__INSTRUCTIONS FOR THE TASK__:
Could you retype the records below exactly as they appear, skipping any pictures?

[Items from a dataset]
++++++++++++++++++++

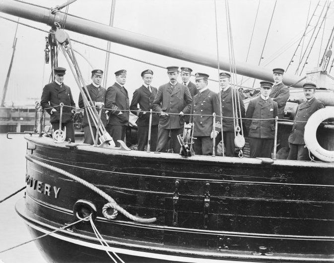 Officers of the 'Discovery' on the 1901-1904 British Antarctic Expedition. From left: Edward Adrian Wilson, Ernest Henry Shackleton, Albert Armitage, Michael Barne, Dr. Reginald Koettlitz, Reginald Skelton, Robert Falcon Scott, Charles Royds, Louis Bernacchi, Hartley Travers Ferrar, Thomas V. Hodgson.
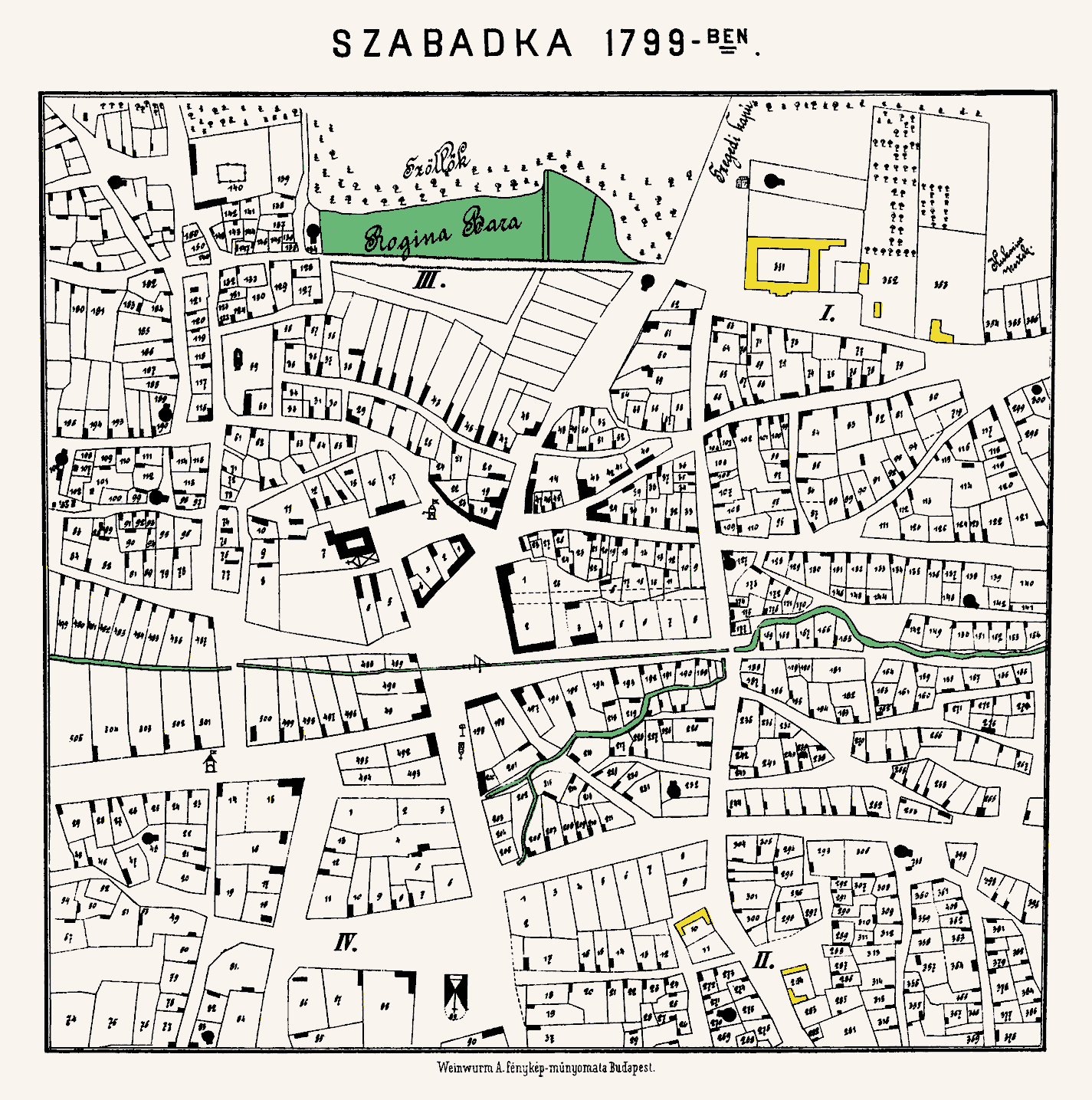 Map of Free Royal City Subotica, from year 1799, a supplement in Monograph about the city
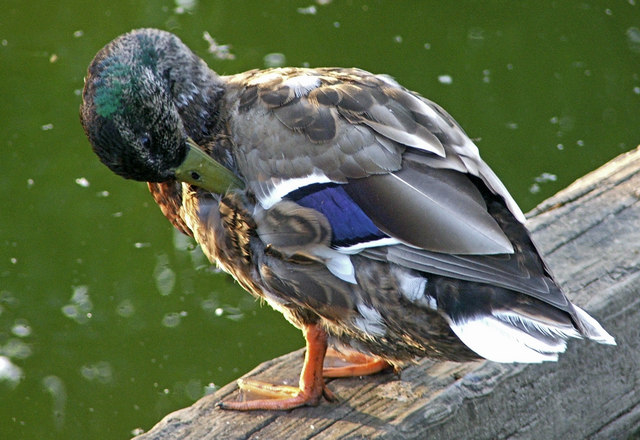 Mallard (Anas platyrhynchos) Here we have a Mallard Drake preening its feathers. This bird is going through its summer moult and is almost indistinguishable with a Mallard Duck.
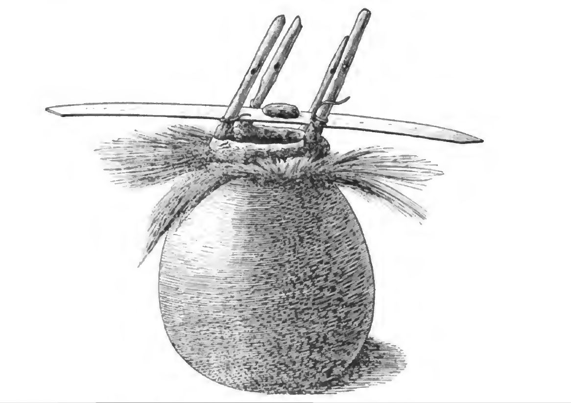 On-note xylophone "limba" of the Mangaraja people in Malawi, from Bernhard Ankermann: Die afrikanischen Musikinstrumente. Haack, Berlin 1901, p. 72
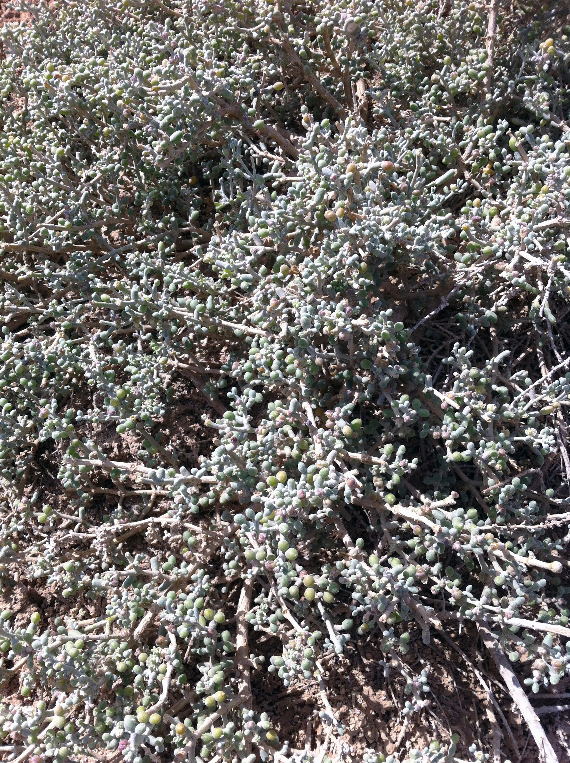 Zygophyllum album (Tetraena alba) near Metlaoui, Tunisia
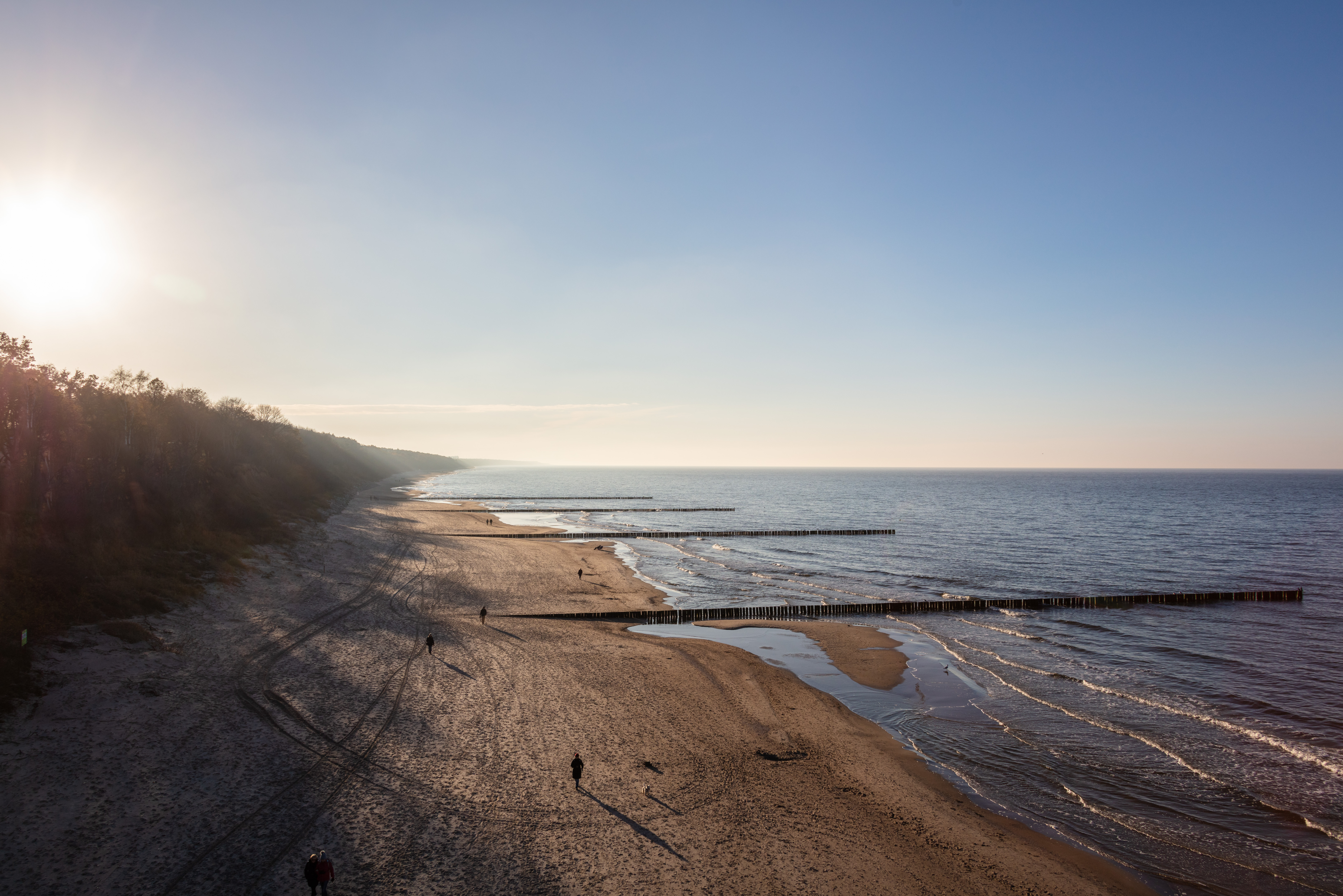 Coast of Trzęsacz, Poland
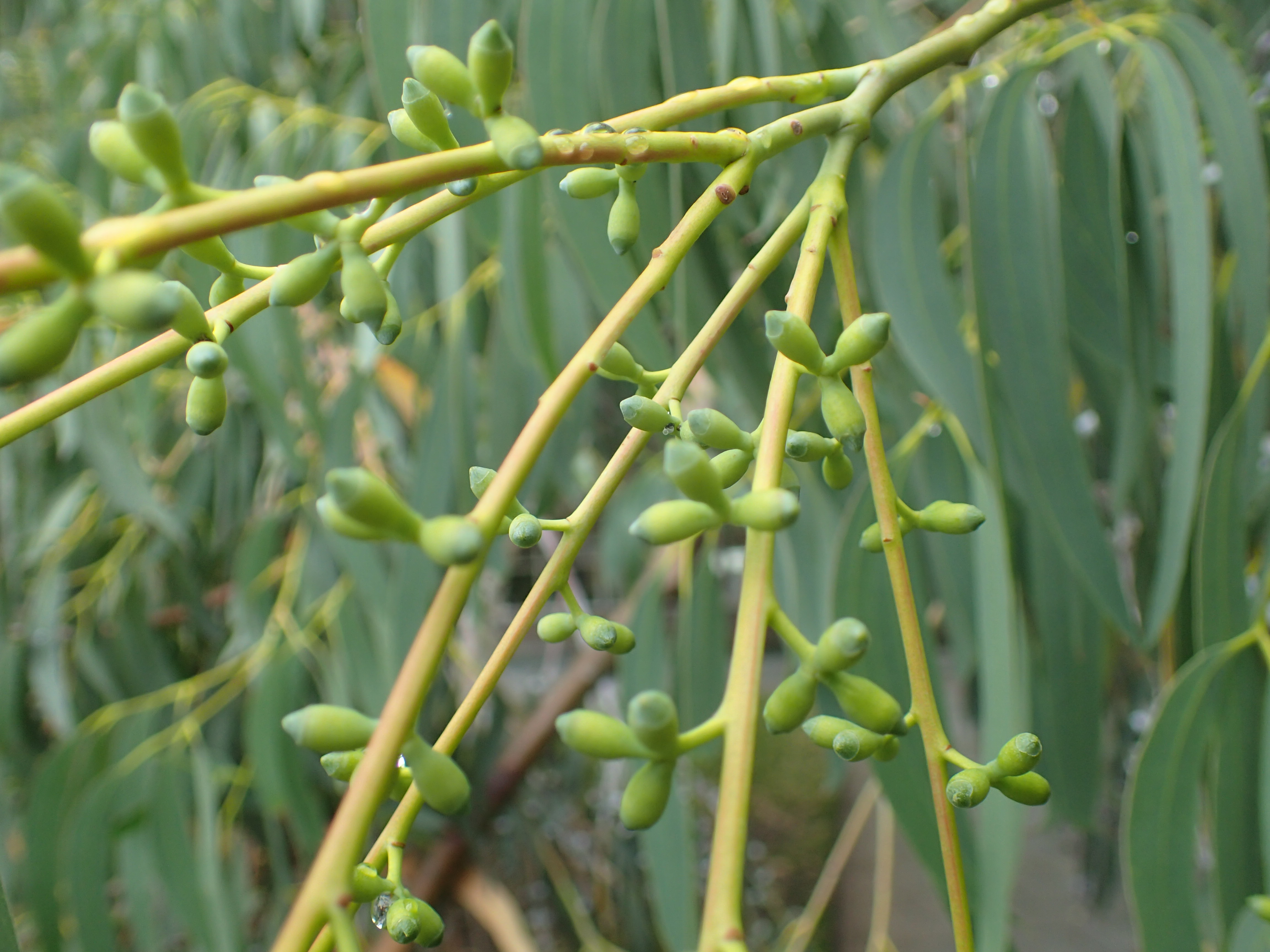 Buds of Eucalyptus perrinana
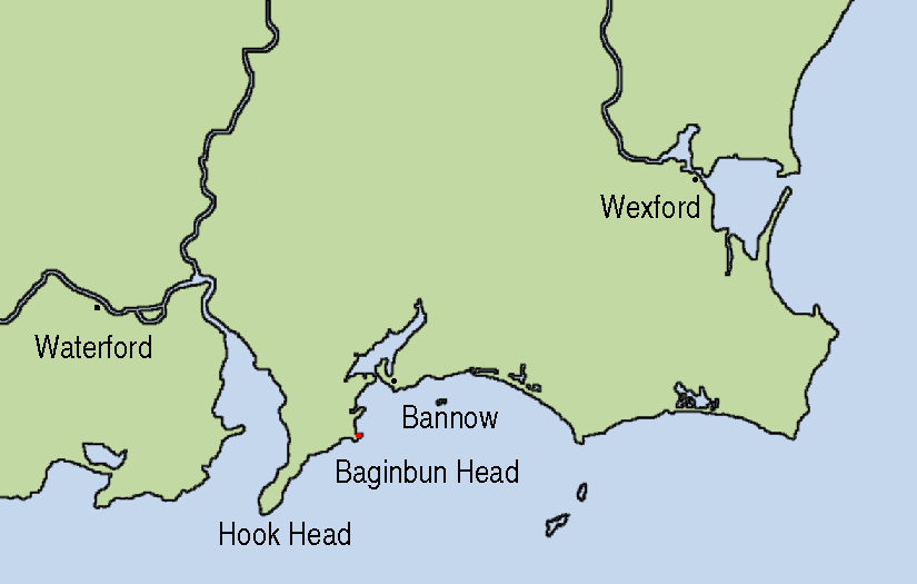 Map showing the location of Baginbun Head where Raymond le Gros landed in 1170 in Ireland. Waterford and Wexford were Norse settlements at that time. The first landing of the Normans took place at Bannow Island in 1169. (This island meanwhile joined the mainland.)
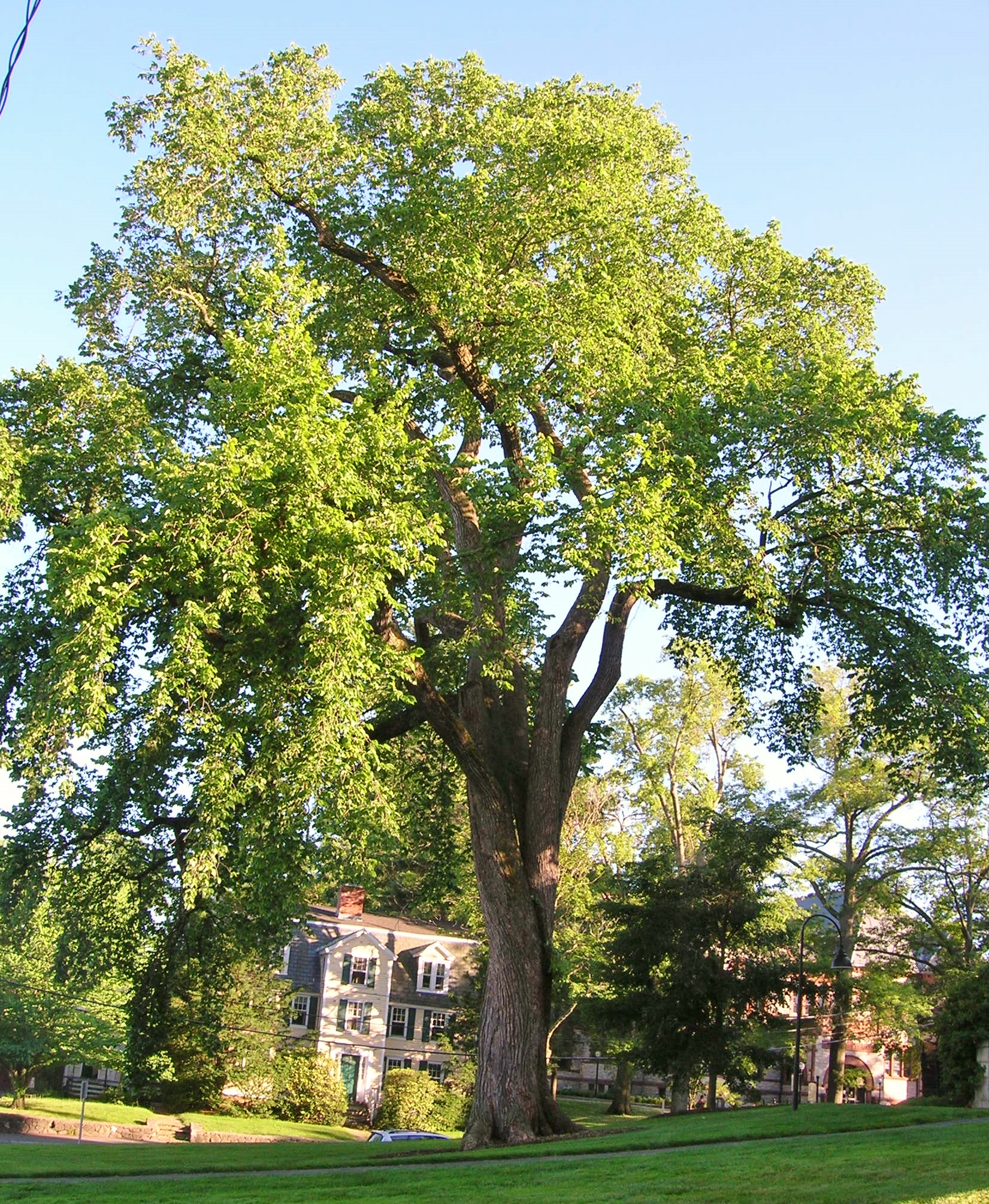 American Elm Tree at College Hall on the Smith College campus, Northampton, MA. Photo was taken in June 2012.

++++++++++++++++++++

__RESPONSE FOR THIS EXERCISE__:
 Officers of the 'Discovery' on the 1901-1904 British Antarctic Expedition. From left: Edward Adrian Wilson, Ernest Henry Shackleton, Albert Armitage, Michael Barne, Dr. Reginald Koettlitz, Reginald Skelton, Robert Falcon Scott, Charles Royds, Louis Bernacchi, Hartley Travers Ferrar, Thomas V. Hodgson.
 Map of Free Royal City Subotica, from year 1799, a supplement in Monograph about the city
 Mallard (Anas platyrhynchos) Here we have a Mallard Drake preening its feathers. This bird is going through its summer moult and is almost indistinguishable with a Mallard Duck.
 On-note xylophone "limba" of the Mangaraja people in Malawi, from Bernhard Ankermann: Die afrikanischen Musikinstrumente. Haack, Berlin 1901, p. 72
 Zygophyllum album (Tetraena alba) near Metlaoui, Tunisia
 Coast of Trzęsacz, Poland
 Buds of Eucalyptus perrinana
 Map showing the location of Baginbun Head where Raymond le Gros landed in 1170 in Ireland. Waterford and Wexford were Norse settlements at that time. The first landing of the Normans took place at Bannow Island in 1169. (This island meanwhile joined the mainland.)
 American Elm Tree at College Hall on the Smith College campus, Northampton, MA. Photo was taken in June 2012.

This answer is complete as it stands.